Yes licenses are pricey, but it comes with a loads of benefits.
August 8, 2011 at 11:22 am
Thanks for the response.
I have set up a test bed with tow servers. I don't think the upgrade part will be too dificult, but will soon find out. What concerns me most now, and as you pointed out, how all our Apps will do up against 2005 server. Hopefully I can convince the company to at least buy 1 new server to upgrade the Publisher. That way if there are a lot of issued I can drop back to the soo server until the issues have been resolved.
August 8, 2011 at 2:24 pm
My cie has a rather complexe ERP (only 1 DB & 1 app). The total man hours required to thoroughly test the application is in the 1000 of hours.
Let's put a simple figure for this. Let's say that this costs the cie ± 50 000$ in time.
Now unless we were running on a datacenter license or multiple cpus with enterprise, we'd really be losing money doing that upgrade twice.
Now imagine that with 20 applications. The license saving really has to be huge to make any kind of sense. Unless you testing is limited to just connect the app and see if the login works... which I hope you are doing better due diligence than that. 😉
August 9, 2011 at 12:18 pm
Thanks for all your concerns and suggestions. However I cannot convince my superiors to upgrade to 2008. I tried very hard to convince them prior to starting the topic.

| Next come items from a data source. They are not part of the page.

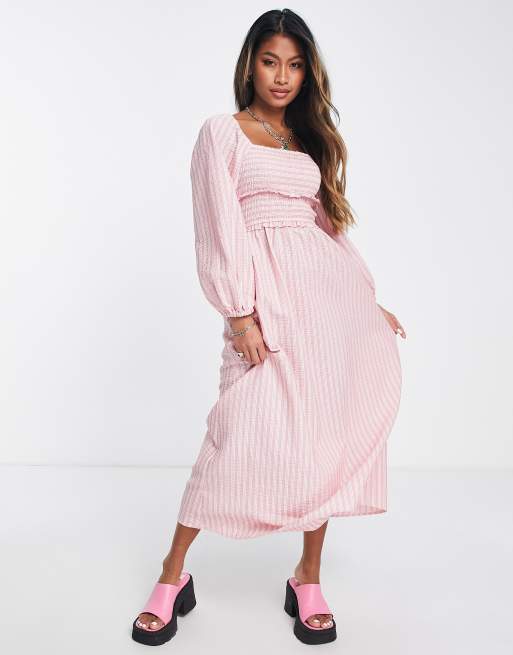 Pink striped sale midi dress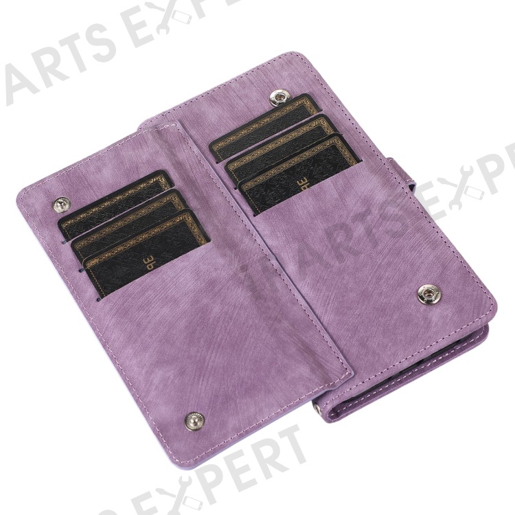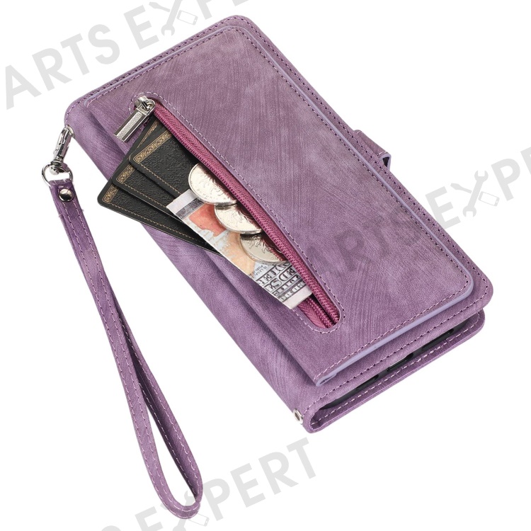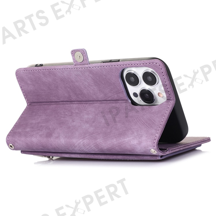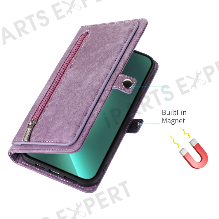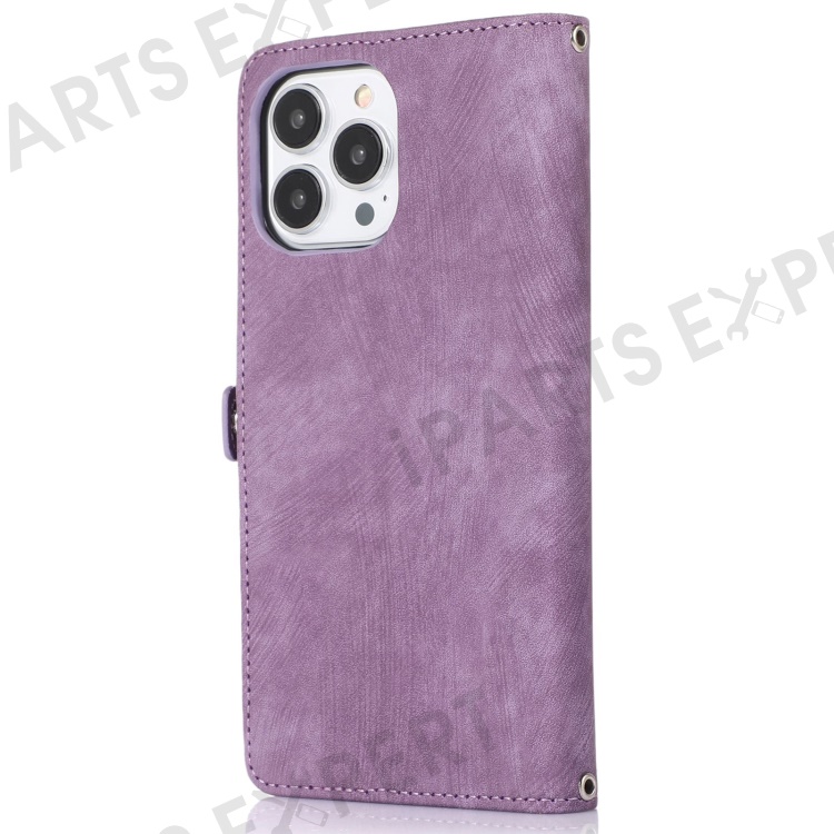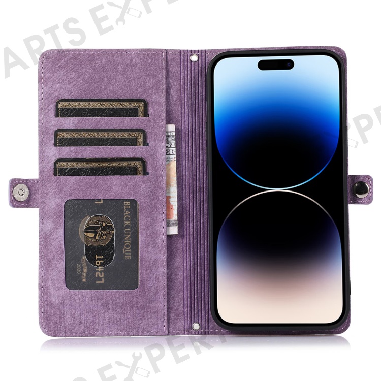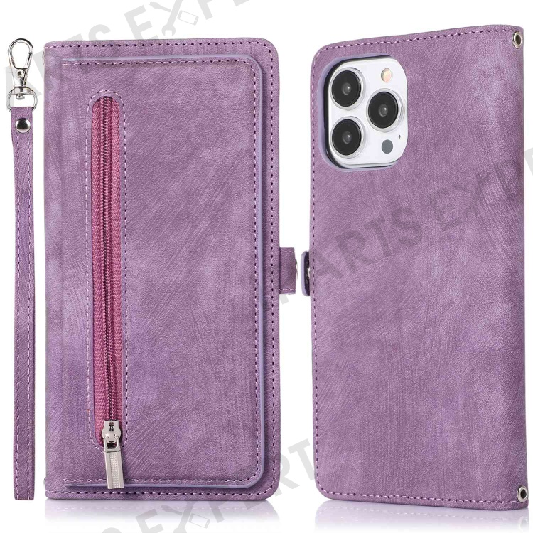 For iPhone 14 Pro Max 6.7 inch 9 Card Slots Phone Wallet Case Zipper Pocket Design Full Protection PU Leather Stand Cover with Wrist Strap - Purple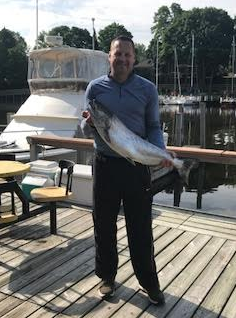 "Well - as luck may have it, I have won the Manistee Fishing Tournament this weekend. It's surreal and quite impressive. My winning fish was a king salmon that weighed in at 28.85 lbs and 42 inches long with a girth of 26 inches - the catch earned me the Master Angler's Designation.”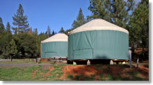 8 yurts: Sleeps 5; rates from $69 - $209, depending on season; yurts have coffee machine, microwave, refrigerator, and television, but no plumbing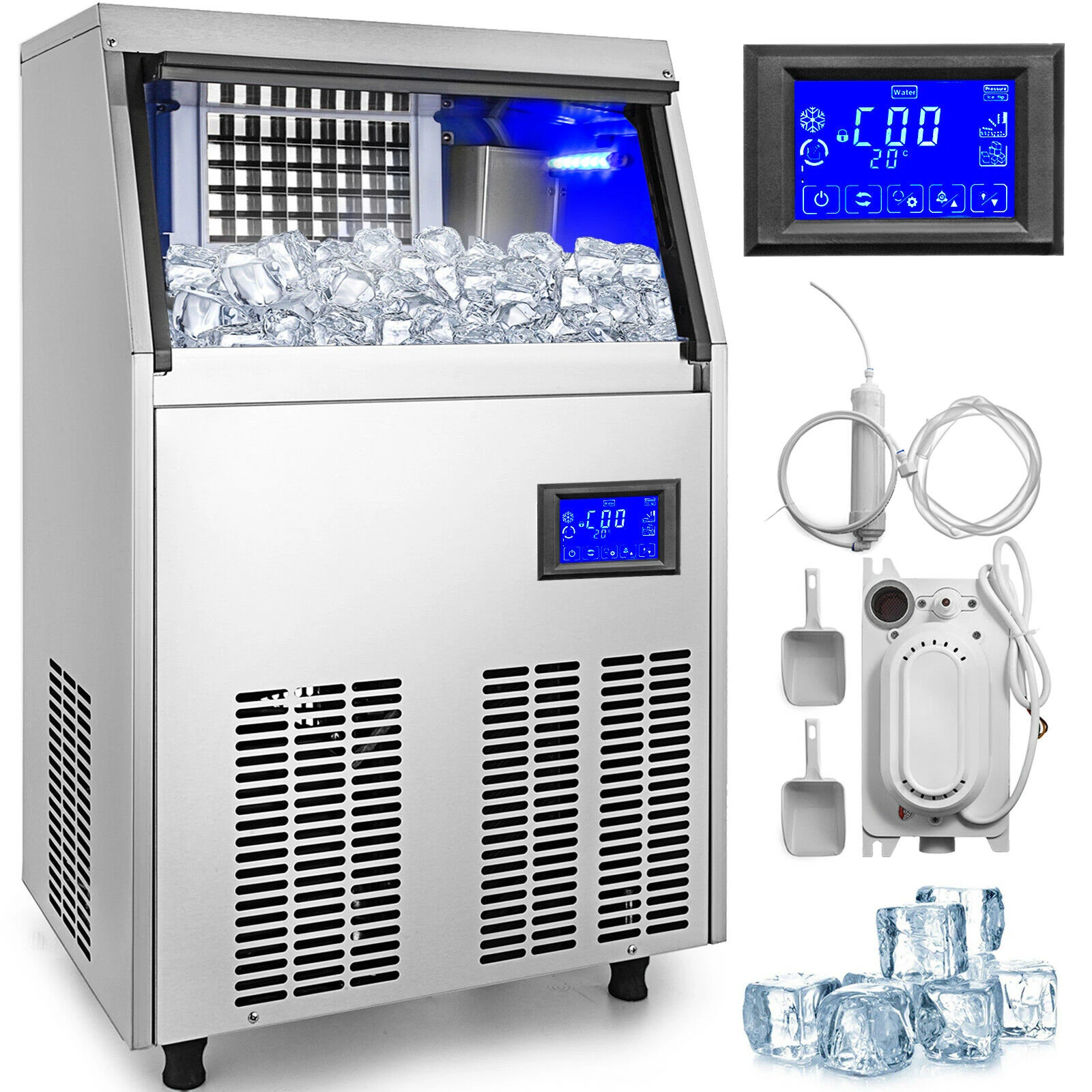 Vevor 110v Commercial Ice Maker 120 130lbs 24h With 33lbs Bin And Electric Water Drain Pump Clear Cube Stainless Steel Construction Auto Operation Vevor Us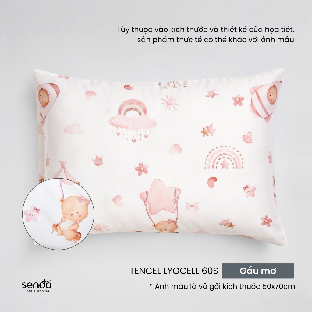 Vỏ gối nằm cho bé đi học Lụa Tencel họa tiết - Gấu mơ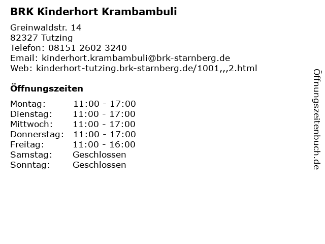 | Öffnungszeiten BRK Kinderhort Krambambuli in Tutzing anzeigen | |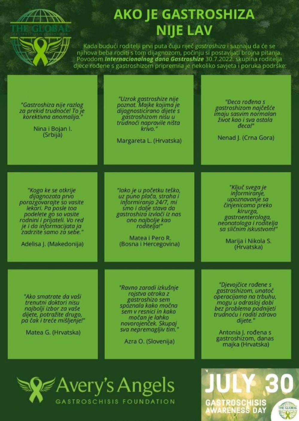 Za emocionalnu i informativnu podršku, budući (i sadašnji) roditelji djeteta s gastroshizom, mogu se javiti lokalnim volonterima u The Global Gastroschisis Foundation:

Moving on into my upgrade, I just ran the upgrade Advisor for 2005 on one of my Test servers. I keep getting this error. "While drillthrough exists in Microsoft SQL Server 2005 Analysis Services, drillthrough settings are not migrated from previous versions of Analysis Services".
I have Googled this, but still don't know how to fix it. Do I need to fix it, or can it be ignored?
August 9, 2011 at 12:31 pm
This is where the 1000 of man hours come in.
Install 2005 trial (or the real thing if you have the license).
Run the upgrade and test the code.
You have to do this for well EVERYTHING.
I have never seen this error so I can't help further than this.